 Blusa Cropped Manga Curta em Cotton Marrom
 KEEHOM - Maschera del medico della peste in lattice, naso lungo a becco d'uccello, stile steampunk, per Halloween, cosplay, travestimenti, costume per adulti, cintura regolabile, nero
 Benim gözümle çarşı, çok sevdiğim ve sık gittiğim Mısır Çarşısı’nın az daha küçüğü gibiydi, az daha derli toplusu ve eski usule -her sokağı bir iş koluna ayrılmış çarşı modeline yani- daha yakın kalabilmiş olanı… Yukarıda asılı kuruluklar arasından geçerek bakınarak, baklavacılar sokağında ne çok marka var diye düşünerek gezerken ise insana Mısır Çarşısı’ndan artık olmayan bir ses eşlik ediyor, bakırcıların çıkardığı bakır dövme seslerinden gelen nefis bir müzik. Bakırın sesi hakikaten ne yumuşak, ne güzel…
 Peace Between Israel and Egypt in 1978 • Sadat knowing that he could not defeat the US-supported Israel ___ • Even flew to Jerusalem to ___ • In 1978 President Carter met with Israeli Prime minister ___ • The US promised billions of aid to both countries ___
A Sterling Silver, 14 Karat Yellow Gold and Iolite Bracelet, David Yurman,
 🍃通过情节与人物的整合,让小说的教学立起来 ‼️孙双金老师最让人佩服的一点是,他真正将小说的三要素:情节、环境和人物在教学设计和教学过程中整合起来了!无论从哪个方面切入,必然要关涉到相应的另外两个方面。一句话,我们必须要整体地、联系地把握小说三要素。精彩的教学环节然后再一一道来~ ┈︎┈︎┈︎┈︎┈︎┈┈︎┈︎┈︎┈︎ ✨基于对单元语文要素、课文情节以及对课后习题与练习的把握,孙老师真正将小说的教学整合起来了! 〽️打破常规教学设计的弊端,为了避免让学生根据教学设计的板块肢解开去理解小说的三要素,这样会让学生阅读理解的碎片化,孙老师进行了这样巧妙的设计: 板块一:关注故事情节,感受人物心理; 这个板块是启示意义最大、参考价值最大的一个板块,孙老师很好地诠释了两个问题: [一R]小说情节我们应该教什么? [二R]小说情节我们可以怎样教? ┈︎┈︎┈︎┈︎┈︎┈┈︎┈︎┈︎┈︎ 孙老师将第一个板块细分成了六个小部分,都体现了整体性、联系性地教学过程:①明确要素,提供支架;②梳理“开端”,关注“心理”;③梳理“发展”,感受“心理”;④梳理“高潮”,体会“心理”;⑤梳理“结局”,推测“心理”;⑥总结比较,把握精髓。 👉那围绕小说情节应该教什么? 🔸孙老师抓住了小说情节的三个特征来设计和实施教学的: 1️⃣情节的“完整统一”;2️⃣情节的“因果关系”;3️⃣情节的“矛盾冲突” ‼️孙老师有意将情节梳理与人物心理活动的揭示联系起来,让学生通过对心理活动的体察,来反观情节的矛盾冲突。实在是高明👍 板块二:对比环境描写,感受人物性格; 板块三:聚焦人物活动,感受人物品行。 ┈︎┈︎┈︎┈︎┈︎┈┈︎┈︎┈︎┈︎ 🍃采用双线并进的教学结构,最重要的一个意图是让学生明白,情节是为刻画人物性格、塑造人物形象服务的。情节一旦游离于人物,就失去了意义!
---
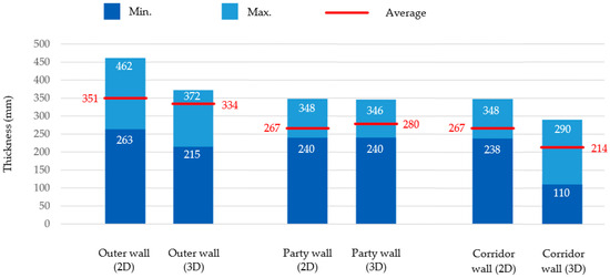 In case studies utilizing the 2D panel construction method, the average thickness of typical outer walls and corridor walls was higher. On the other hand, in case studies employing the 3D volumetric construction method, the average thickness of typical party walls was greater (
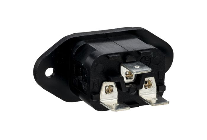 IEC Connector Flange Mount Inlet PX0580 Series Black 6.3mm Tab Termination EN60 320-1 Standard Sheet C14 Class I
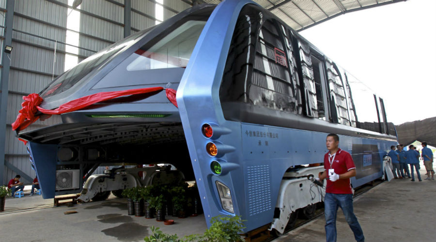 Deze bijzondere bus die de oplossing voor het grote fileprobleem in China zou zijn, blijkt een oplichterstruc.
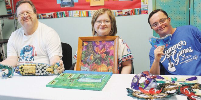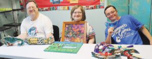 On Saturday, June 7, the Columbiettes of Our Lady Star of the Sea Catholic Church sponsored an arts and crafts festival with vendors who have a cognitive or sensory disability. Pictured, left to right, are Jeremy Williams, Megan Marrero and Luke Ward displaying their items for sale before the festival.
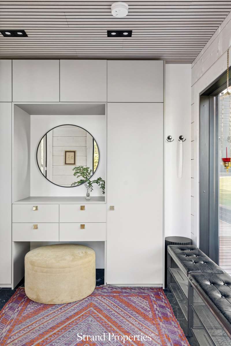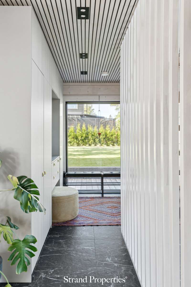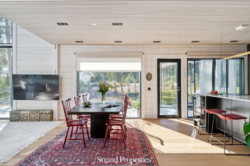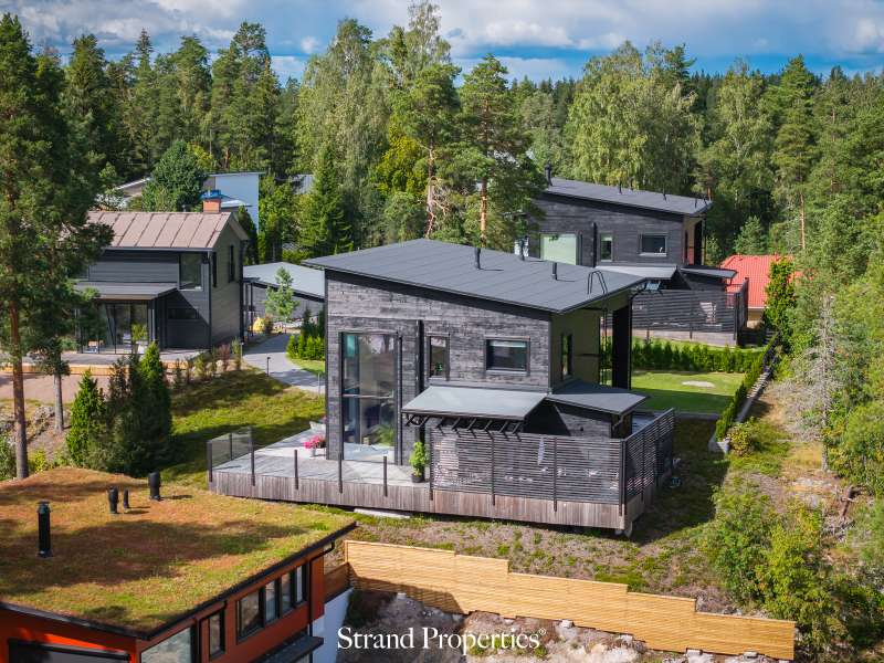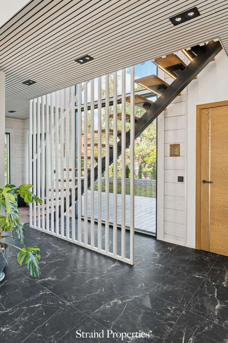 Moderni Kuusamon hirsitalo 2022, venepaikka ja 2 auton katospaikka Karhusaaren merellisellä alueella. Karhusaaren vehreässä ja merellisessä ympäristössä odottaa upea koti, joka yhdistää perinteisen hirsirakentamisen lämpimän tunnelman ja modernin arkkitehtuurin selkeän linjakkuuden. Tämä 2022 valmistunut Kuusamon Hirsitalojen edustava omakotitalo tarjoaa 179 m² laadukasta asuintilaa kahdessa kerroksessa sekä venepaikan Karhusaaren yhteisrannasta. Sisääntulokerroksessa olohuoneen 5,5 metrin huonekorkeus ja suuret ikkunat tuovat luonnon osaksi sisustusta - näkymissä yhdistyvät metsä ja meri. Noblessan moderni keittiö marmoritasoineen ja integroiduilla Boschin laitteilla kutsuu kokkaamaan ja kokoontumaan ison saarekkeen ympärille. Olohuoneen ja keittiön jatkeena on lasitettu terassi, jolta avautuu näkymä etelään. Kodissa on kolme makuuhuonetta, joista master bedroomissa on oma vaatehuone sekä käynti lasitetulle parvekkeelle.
---
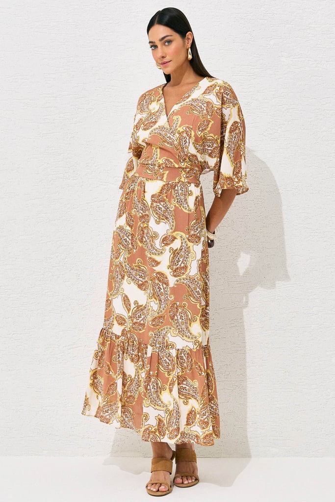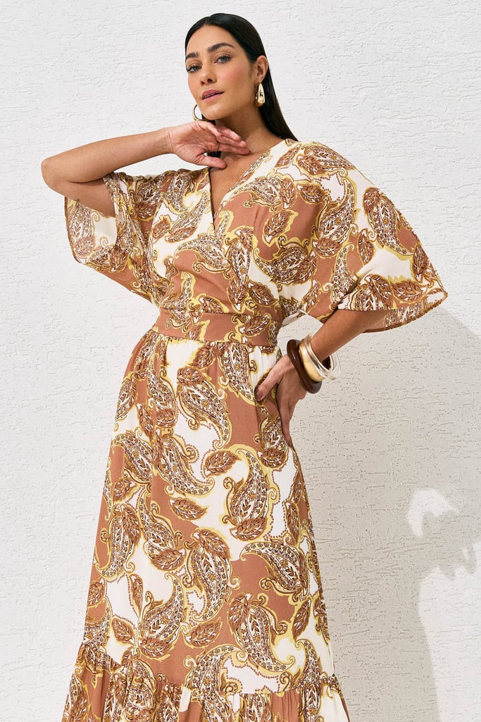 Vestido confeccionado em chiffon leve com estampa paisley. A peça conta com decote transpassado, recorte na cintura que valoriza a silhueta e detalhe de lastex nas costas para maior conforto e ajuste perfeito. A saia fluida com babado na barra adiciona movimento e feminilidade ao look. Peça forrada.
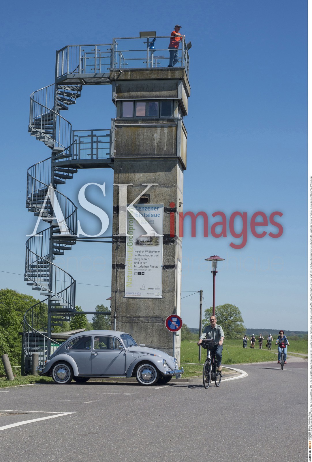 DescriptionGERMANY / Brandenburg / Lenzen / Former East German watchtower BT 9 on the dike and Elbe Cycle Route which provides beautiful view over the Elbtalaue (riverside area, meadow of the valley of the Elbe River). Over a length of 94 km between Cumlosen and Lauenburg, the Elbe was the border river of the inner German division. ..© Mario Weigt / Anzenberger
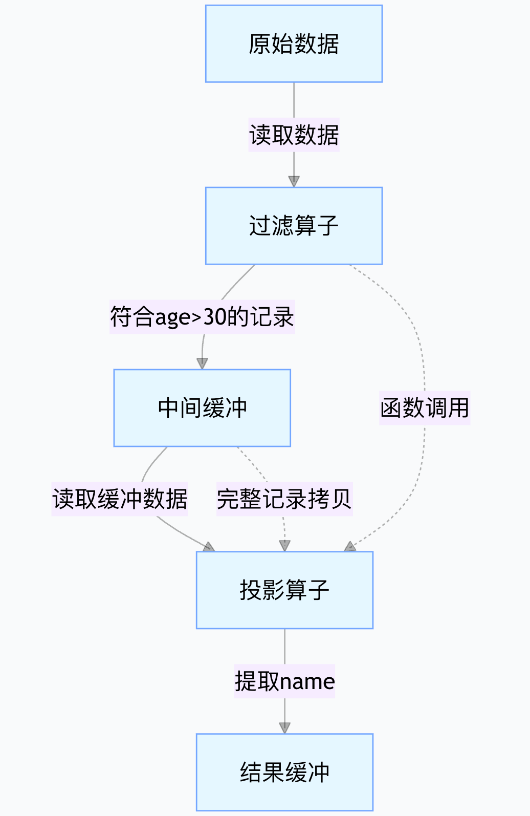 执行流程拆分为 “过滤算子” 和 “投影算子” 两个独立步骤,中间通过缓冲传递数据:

**WORK TASK**
From the entries above, write out only the lines starting at the line that holds "Blusa Cropped Manga Curta em Cotton Marrom" and ending at the line that holds "KEEHOM - Maschera", keeping both and matching them exactly.

**SOLUTION BELOW**
 Blusa Cropped Manga Curta em Cotton Marrom
 KEEHOM - Maschera del medico della peste in lattice, naso lungo a becco d'uccello, stile steampunk, per Halloween, cosplay, travestimenti, costume per adulti, cintura regolabile, nero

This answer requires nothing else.